As he walked into the living room, briefly consulting the live feeds from Sterndale Road, Kell told Mowbray that Minasian, Svetlana and Eremenko were eating lunch at The Wolseley and that he had dropped all surveillance on GAGARIN.
‘Place on Green Park, right?’
‘That’s the one.’ Kell sat down, switched on the television and watched a rally at Wimbledon on mute. ‘We just have to wait,’ he said, knowing that he wouldn’t tell Mowbray about the fertility clinic, about the plan to squeeze Minasian on Svetlana’s passport. That was operational information, not idle chit-chat. He took a drag on the cigarette and wondered what the doctors had told her. ‘You want to work in shifts?’ he said. ‘You watch the laptops, I’ll watch the phones?’
‘Deal,’ Mowbray replied.
Mowbray sat at the large table in the centre of the living room. Kell had put all his books and papers in piles in the corner of the room. He had cleared his desk of detritus and removed a photograph of Rachel from the wall. Mowbray swivelled the three laptops towards him, then stood up, crossed the room and opened the window. Birdsong and the chatter of children. All of London life going on around them. He had pressed the kettle in the kitchen. Kell could hear it crackle and hiss to the boil.

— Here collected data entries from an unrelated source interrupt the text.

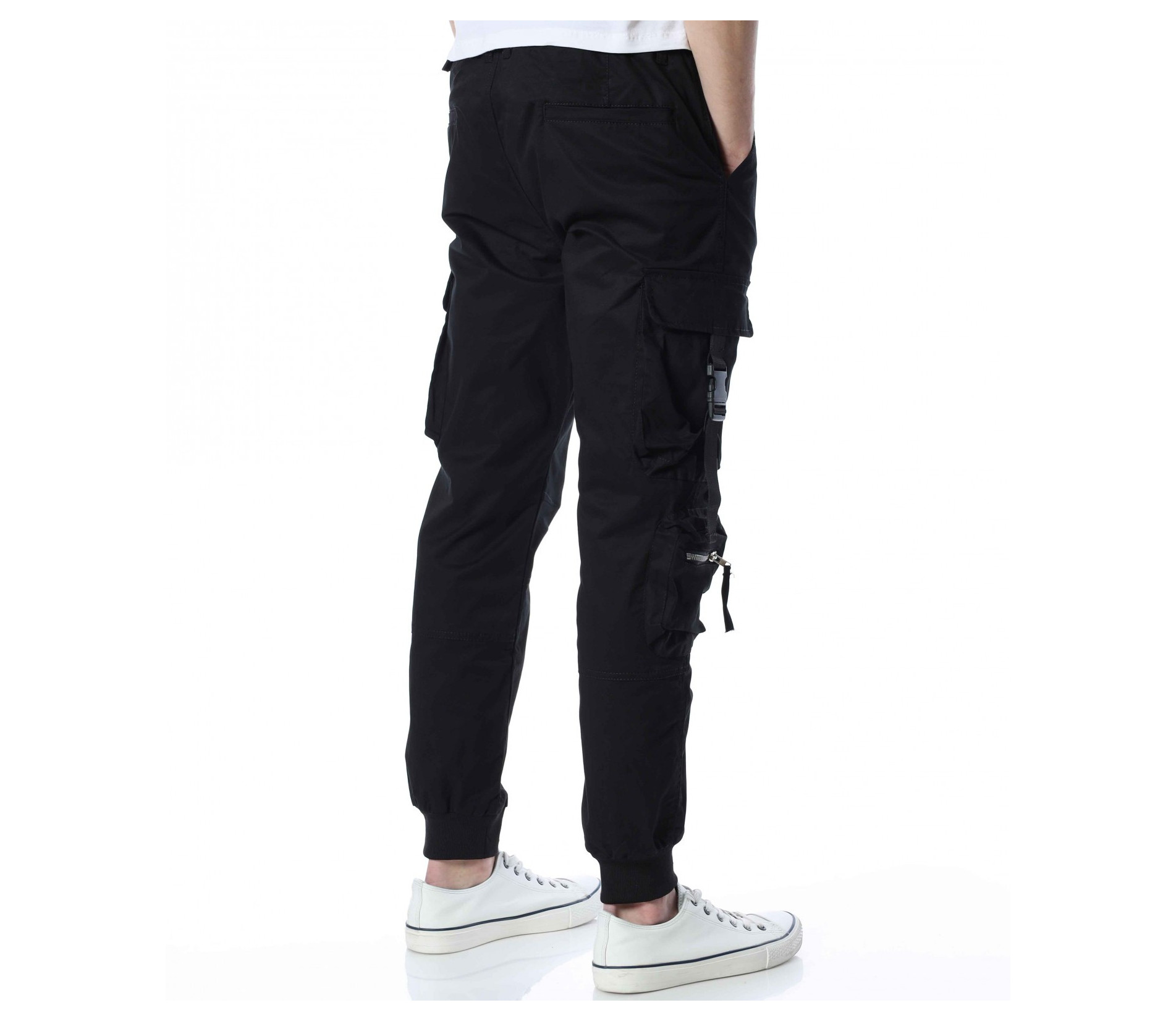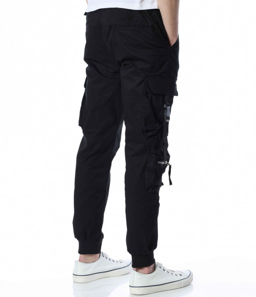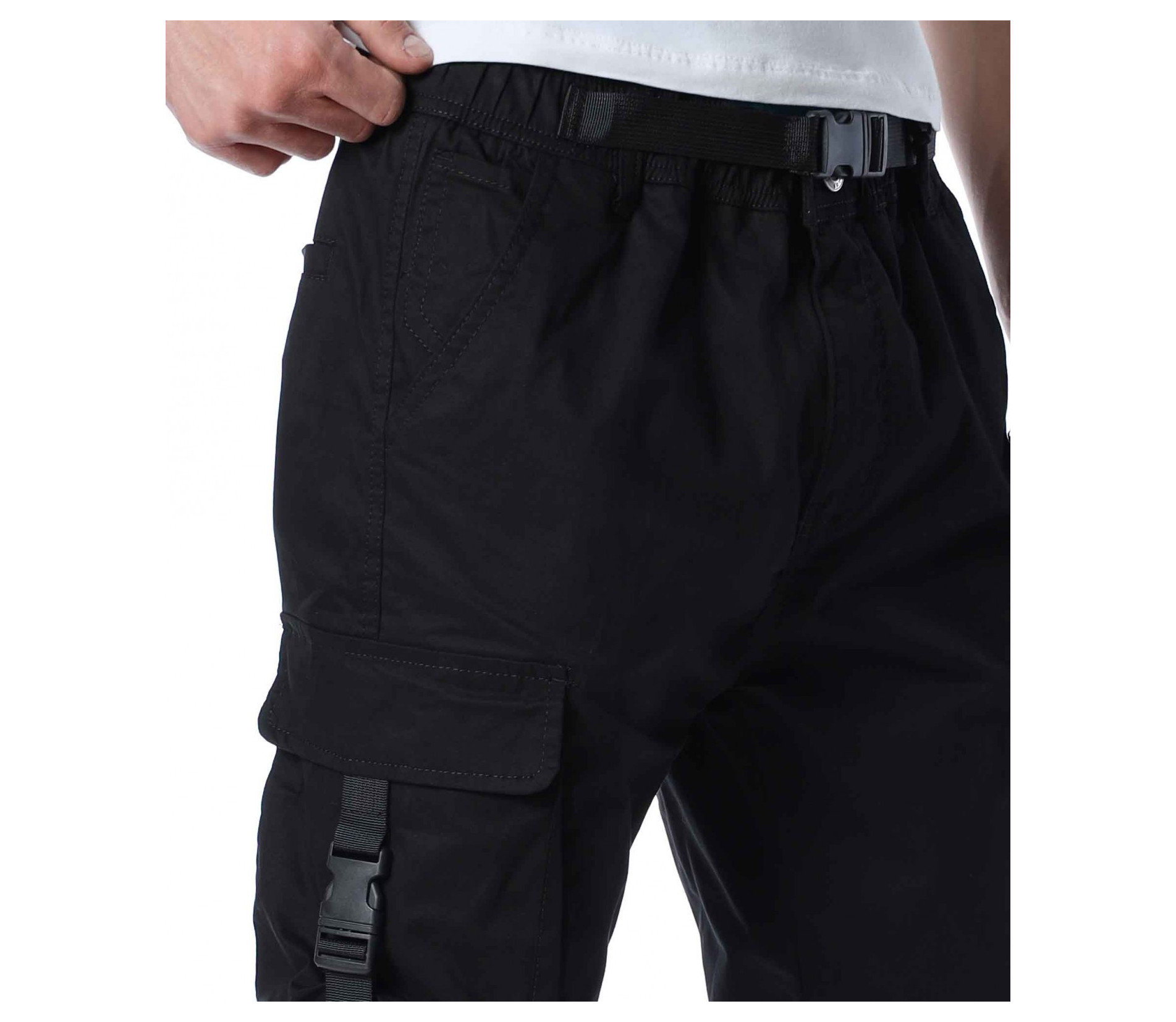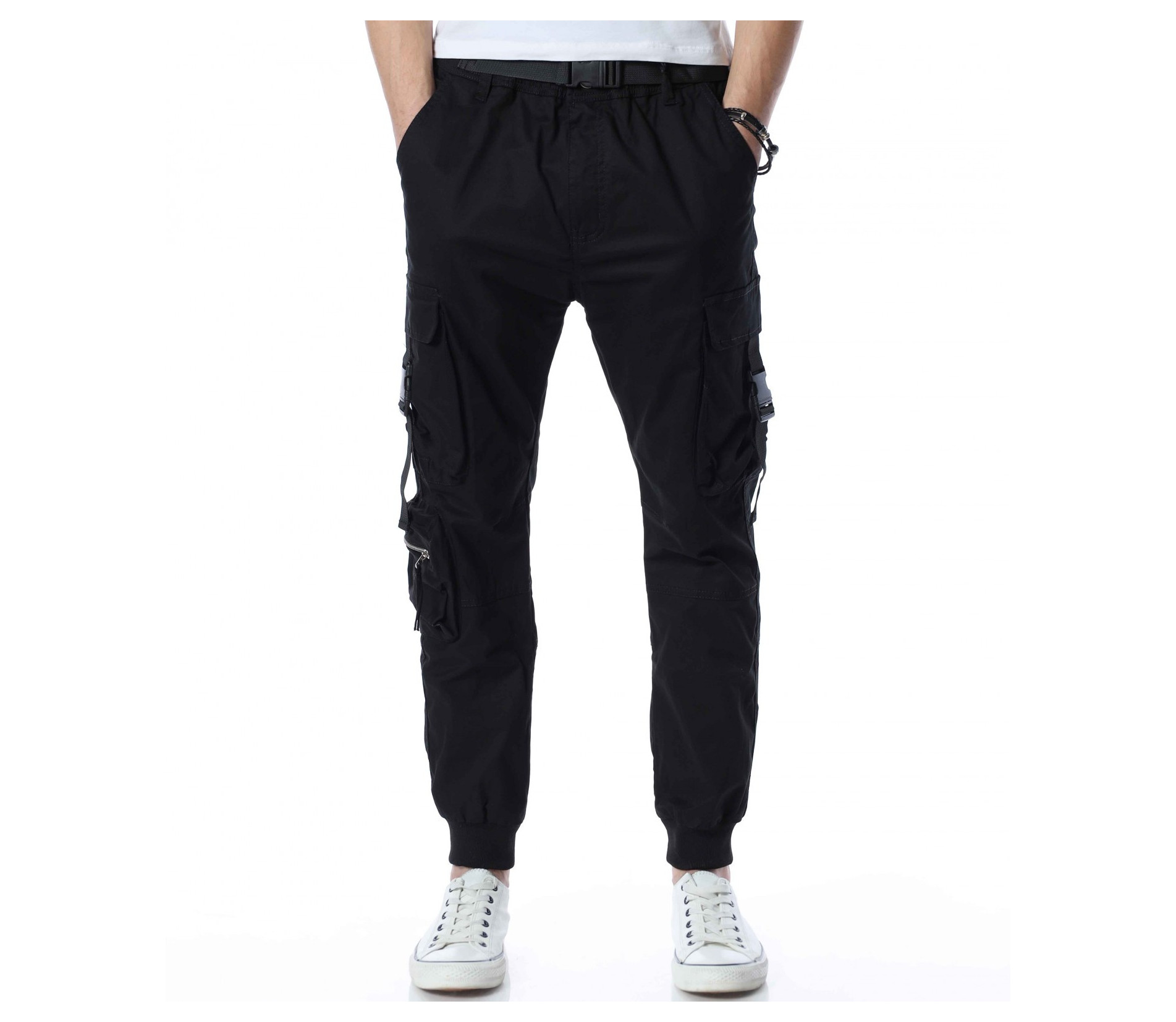 ОПИСАНИЕ НА ПРОДУКТА: Представяме ви актуален, мъжки, черен карго панталон от новата ни колекция. Моделът е много разчупен и удобен благодарение на страничните си джобове, разположени два от едната страна и един от другата. Благодарение на тях можете да си спестите носенето на чанта, защото вече имате място на една ръка разстояние за важните за вас неща. Моделът е снабден и с практичен спортен колан, чрез който да фиксирате ширината в кръста. Крачолите завършват с ластик, което категорично затвърждава лидерските му позиции в списъка с модели, които трябва да имате за сезона. Комбинирайте със спортни обувки и елек за перфектна визия и комфорт.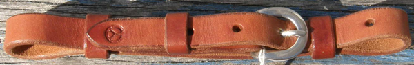 5/8" wide bridle leather curb strap with darkened edges, buckles on both ends, 3 factory punched holes at each end but room to punch more, fancy etched "silver” buckles, keepers & tips. Use on horse that doesn't need a curb chain. Great for showing Western. Measures as set on 1st hole/smallest setting approx 10” long. Great for Extra Large Horses, Warmbloods or Drafts.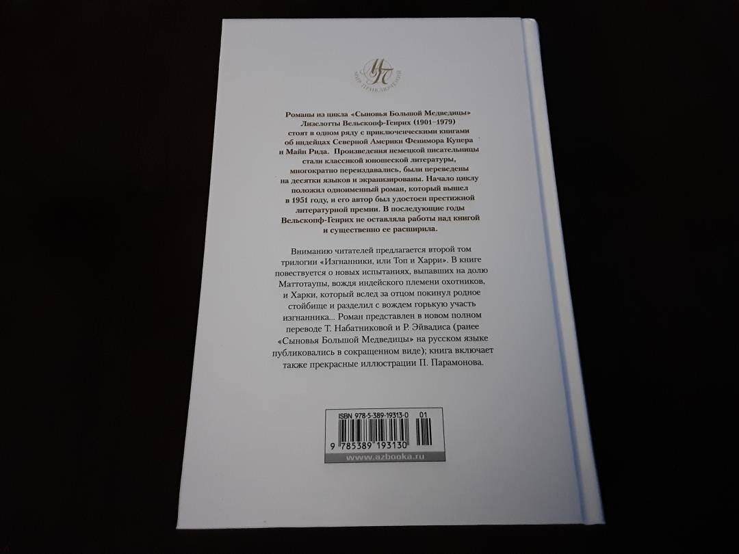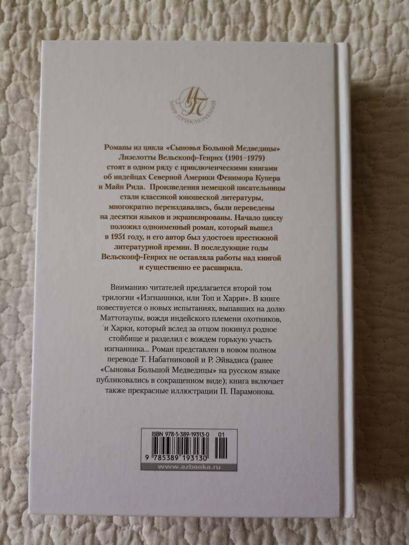 ОписаниеРоманы из цикла "Сыновья Большой Медведицы" Лизелотты Вельскопф-Генрих стоят в одном ряду с приключенческими книгами об индейцах Северной Америки Фенимора Купера и Майн Рида. Произведения немецкой писательницы стали классикой юношеской литературы, многократно переиздавались, были переведены на десятки языков и экранизированы. Начало циклу положил одноименный роман, который вышел в 1951 году, и его автор был удостоен престижной литературной премии. В последующие годы Вельскопф-Генрих не оставляла работы над книгой и существенно ее расширила. Первое полное издание увидело свет в трех томах в начале 1960-х (впоследствии цикл выходил также в виде шеститомника). За деятельную поддержку североамериканских индейцев племенной союз оглала присудил писательнице почетный титул Лакота-Ташина, Защитница Лакота. Вниманию читателей предлагается второй том трилогии "Изгнанники, или Топ и Харри". В книге повествуется о новых испытаниях, выпавших на долю Маттотаупы, вождя индейского племени охотников, и Харки, который вслед за отцом покинул родное стойбище и разделил с вождем горькую участь изгнанника... Роман представлен в новом полном переводе Т. Набатниковой и Р. Эйвадиса (ранее "Сыновья Большой Медведицы" на русском языке публиковались в сокращенном виде); книга включает также прекрасные иллюстрации П. Парамонова.СвернутьРоманы из цикла "Сыновья Большой Медведицы" Лизелотты Вельскопф-Генрих стоят в одном ряду с приключенческими книгами об индейцах Северной Америки Фенимора Купера и Майн Рида. Произведения немецкой писательницы стали классикой юношеской литературы, многократно переиздавались, были переведены на десятки языков и экранизированы. Начало циклу положил одноименный роман, который вышел в 1951 году, и его автор был удостоен престижной литературной премии. В последующие годы Вельскопф-Генрих не оставляла работы над книгой и существенно ее расширила. Первое полное издание увидело свет в трех томах в начале 1960-х (впоследствии цикл выходил также в виде шеститомника). За деятельную поддержку североамериканских индейцев племенной союз оглала присудил писательнице почетный титул Лакота-Ташина, Защитница Лакота. Вниманию читателей предлагается второй том трилогии "Изгнанники, или Топ и Харри". В книге повествуется о новых испытаниях, выпавших на долю Маттотаупы, вождя индейского племени охотников, и Харки, который вслед за отцом покинул родное стойбище и разделил с вождем горькую участь изгнанника... Роман представлен в новом полном переводе Т. Набатниковой и Р. Эйвадиса (ранее "Сыновья Большой Медведицы" на русском языке публиковались в сокращенном виде); книга включает также прекрасные иллюстрации П. Парамонова.СвернутьСвернуть

‘Looks like Bernie’s all settled in.’ Mowbray was bac
k in front of the screens.
‘He had a shower about twenty minutes ago,’ Kell replied.
‘Not surprised. Fucking hot out …’
One of the mobiles rang. The link to Simon in the hotel. Kell answered it.
‘Boss?’
‘Yup.’
‘Vehicle outside. Could be an Uber.’
‘What makes you say that?’
‘Lexus. Guy just got out of the back.’
Let it be him, thought Kell. Let it be Minasian.
‘What’s he wearing?’
‘Don’t know if he’s going to ninety-eight. He’s talking to the driver.’
‘What does he look like?’
‘Tree in the way, guv. Those fucking leaves. Could be GAGARIN, could not be GAGARIN …’
‘What’s he wearing?’ Kell heard the attack in his own voice, the anxiety, and backed off. ‘What can you see?’
‘Black shoes. Black trousers.’
It had been reported that Minasian was wearing black shoes and dark blue trousers. It could be a match.
‘Hair? Give me something else.’
‘Dark. Cut short. Balding at the back. Early thirties. Short, squat. Maybe Greek or Turkish? Mediterranean. I can’t see his face. Red shirt, black blazer.’
Balding didn’t sound right. Minasian had a full head of hair. And the colouring and height were wrong. Furthermore, the Russian had been wearing a white shirt and grey sports jacket. It was possible that he had changed after leaving the Wolseley, but it was unlikely that he had yet finished lunch.
‘It’s not him,’ he said, looking across the room. Mowbray was staring at Kell. ‘It’s not GAGARIN.’
There was a momentary silence. Kell put the phone on speaker and Simon’s voice filled the room.